Sculptor David Tucker for ‘A Local Girl Comes Home’ won the 57th Blake Prize for Religious Art. Hindu fertility goddesses inspire Tucker’s sculpture. It reminded me that I have seen art and exhibitions this year (and last) that have been influenced by other religions: Islam, New Age and Buddhist, but not Christian.

Contemporary Christianity now longer has the money to influence artists like it once did. Christianity has also lost the spiritual/philosophical/religious influence on the arts that it once had. Science, political theories and other religions now have a greater influence on the contemporary visual arts in Australia than Christianity. For example, RMIT gallery exhibited the “New Scientist Eureka Price for Science Photography”.

At the same time RMIT gallery had “Black Robe White Mist”, the art of Ōtagaki Rengetsu (17911875), a Japanese Buddhist nun, an artist, poet, calligrapher and potter. And Stephen McLaughlan Gallery showed Josie Telfer exhibition titled “Nine Waves” inspired by Zen Buddhism. The double layers of Telfer’s photographic images condense space and time in an attractive manner. The round glow of the moon creates a spotlight for a wave on a beach.

In contemporary art crucifixions are mostly blasphemous, piss-taking, jokes. Christianity is not an inspiration for contemporary art but a cultural chain to an ancient past impeding and restricting, often violently, current practice. Gordon Morrison, the Director of the Art Gallery of Ballarat is quoted in ‘Trouble’ (Sept.) that nudity is still taboo because of “that all-pervessiveness of the Juedo-Christian ethics that completely dominates us, for all of Norman Lindsey and what have you.’ (p.12)
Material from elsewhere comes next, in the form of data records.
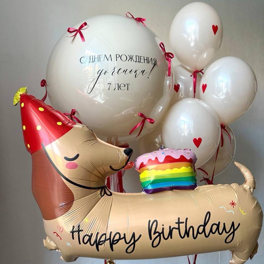 Объёмный фольгированный шар в форме очаровательной таксы в праздничном колпаке станет эффектным акцентом любого торжества.
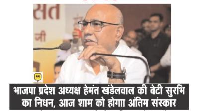 भाजपा प्रदेश अध्यक्ष हेमंत खंडेलवाल की पुत्री के निधन से राजनीतिक जगत शोकाकुल
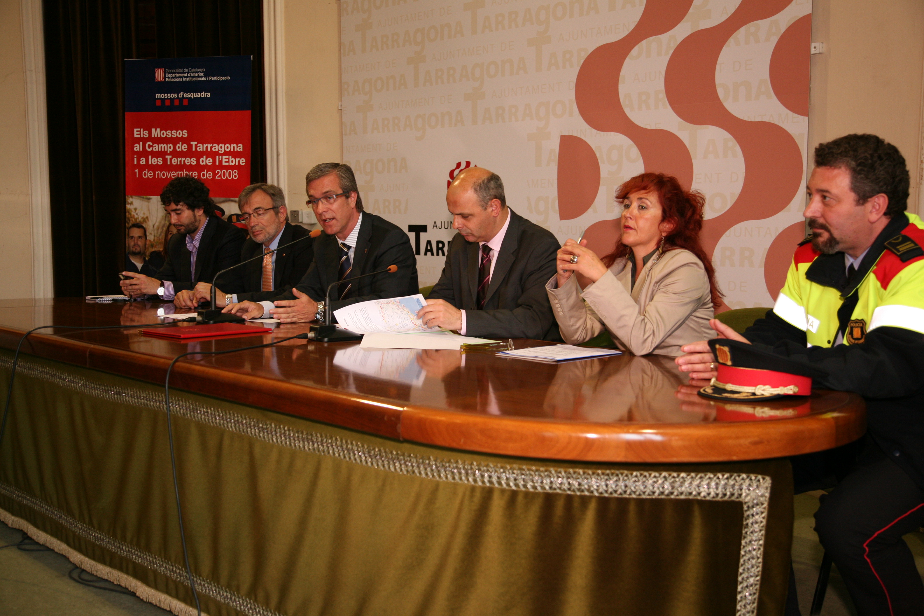 Departament d’Interior, Relacions Institucionals i Participació. Roda de premsa per explicar l’acord assolit per a la ubicació provisional dels Mossos d’Esquadra de la Regió Policial del Camp de Tarragona. Barcelona: Departament d’Interior, Relacions Institucionals i Participació, 2008. 1 fotografia
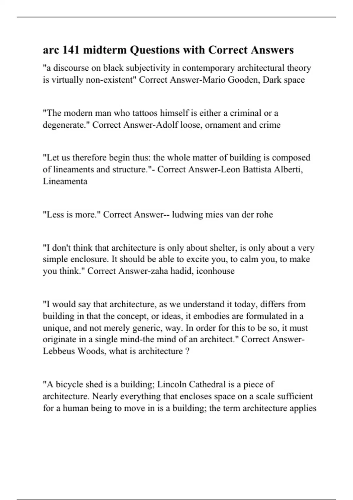 arc 141 midterm Questions with Correct Answers
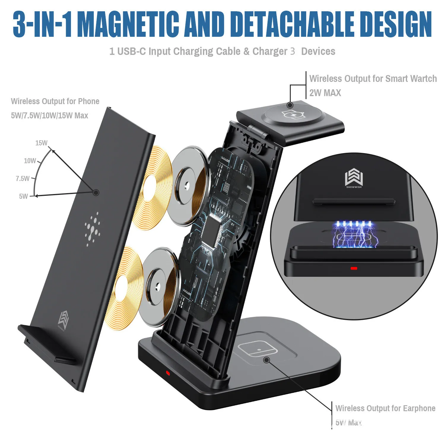 With fast wireless charging capabilities, the charger ensures your devices are ready to go quickly. You don’t have to wait long to get your phone, tablet, or any other device back up to full power. The efficient and high-speed charging technology ensures minimal downtime for all your gadgets.
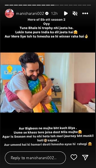 Taking to her Instagram account to share the heartwarming video, Manisha's message echoes the sentiment of their enduring friendship. She writes, "Hero of Bigg Boss OTT season 2. Oye. You may not have won the trophy, but you definitely won the whole nation's hearts. And you will always be the winner for me." Her affectionate words reflect the profound impact that Abhishek has had, not just in the competition but in their personal connection as well.
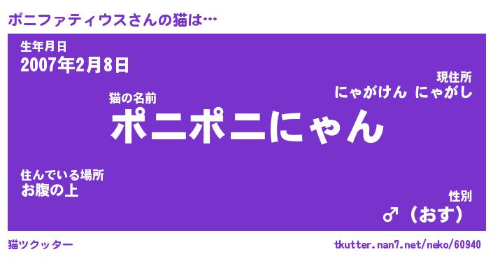 | ポケモン風あだ名 | 『ポニチュウ』『ポニフダネ』 |
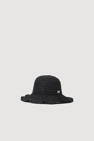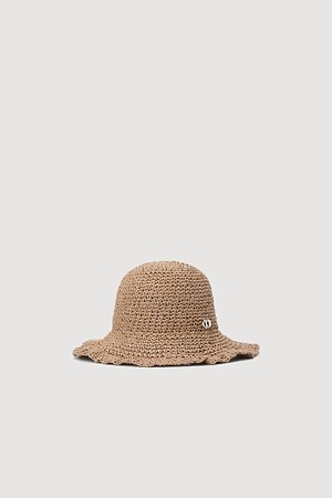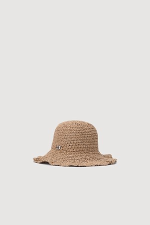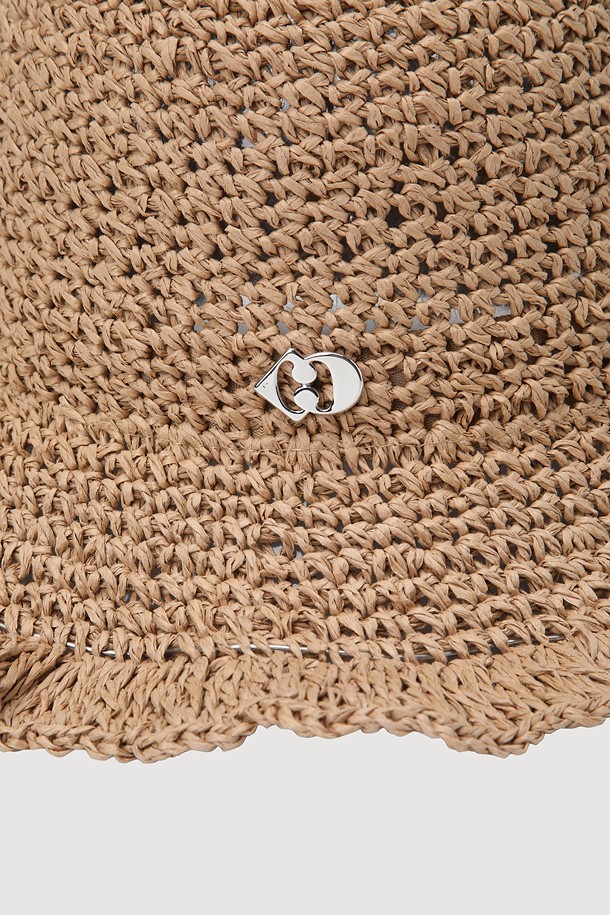 Metal Emblem Bucket Raffia Hat (beige)
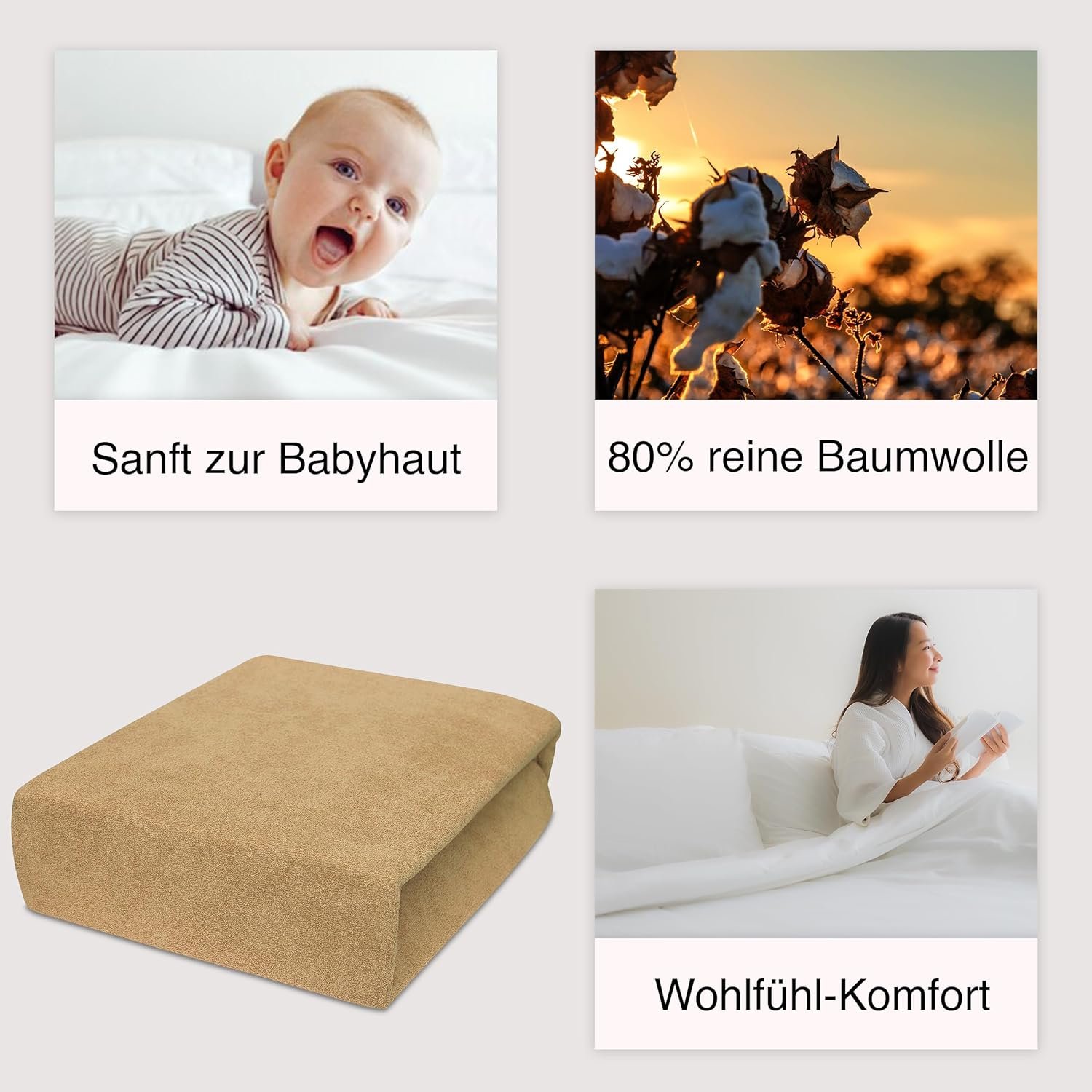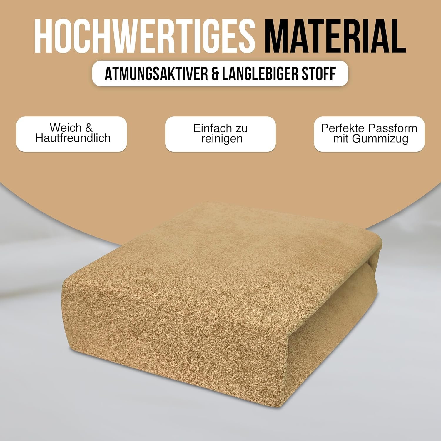 3. Das fein gewebte Jersey-Material wiegt ca. 160 g/m² und ist nach Öko-Tex Standard 100 geprüft. Es ist hautfreundlich, atmungsaktiv und formstabil. Selbst nach häufigem Waschen behält das Laken seine Form, bleibt weich und komfortabel und sorgt für hygienisches, dauerhaft angenehmes Schlafen.
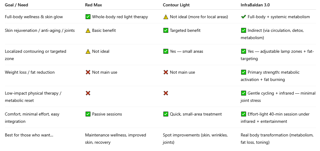 At BLT, we believe in giving you more than “just red light.” That’s why we now offer three distinct devices — each designed for a specific goal and user. Whether you want full-body rejuvenation, targeted contouring, or metabolic reset — there’s a device here for you.
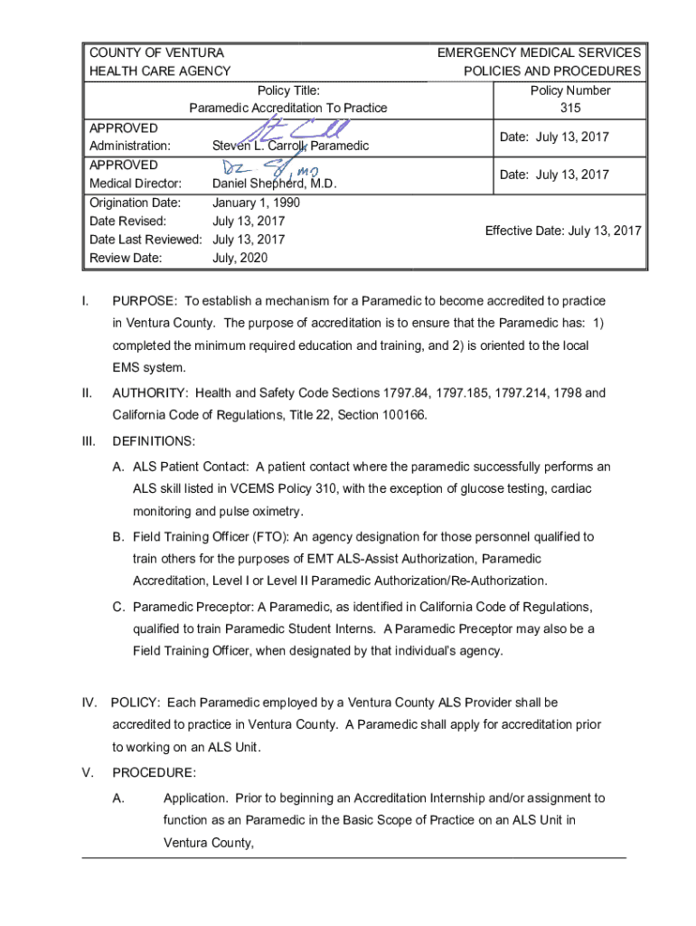COUNTY OF VENTURA HEALTH CARE AGENCY Policy Title: Paramedic Accreditation To Practice APPROVED Administration: APPROVED Medical Director: Origination Date: Date Revised: Date Last Reviewed: Review
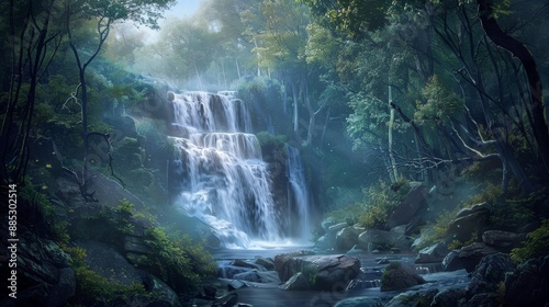 waterfall, forest, nature, water, green, tree, leaf, rock, stream, cascade, flowing, lush, foliage, vegetation, landscape, scenery, outdoors, wild, natural, beauty, calmness, serenity, peace, mist, fog, sunlight, shadow, mossy, fresh, rainforest, jungle, tropical, environment, preserve, harmony, wonder, photo, art, digital, image
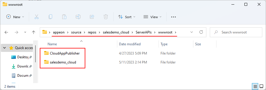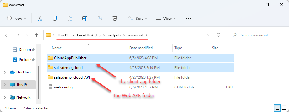 When deploying to the built-in Kestrel server, the client app is deployed to the wwwroot folder within the Web APIs (for example, %username%\source\repos\salesdemo_cloud\ServerAPIs\wwwroot).
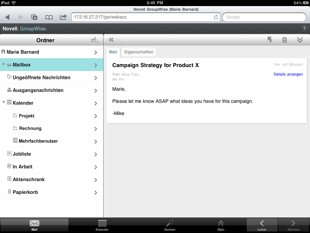 Wenn Sie sich über den Webbrowser bei GroupWise anmelden, wird Ihre Mailbox angezeigt.

Australian politicians still claim that Australia is a Christian culture but that requires both sophistry and the manipulation of statistics. It is clear that Christianity still has political influence in Australia and that historically it dominated the colonial era and early 20th Century. If Australia is a currently a Christian culture is odd that this is not evident in contemporary visual arts.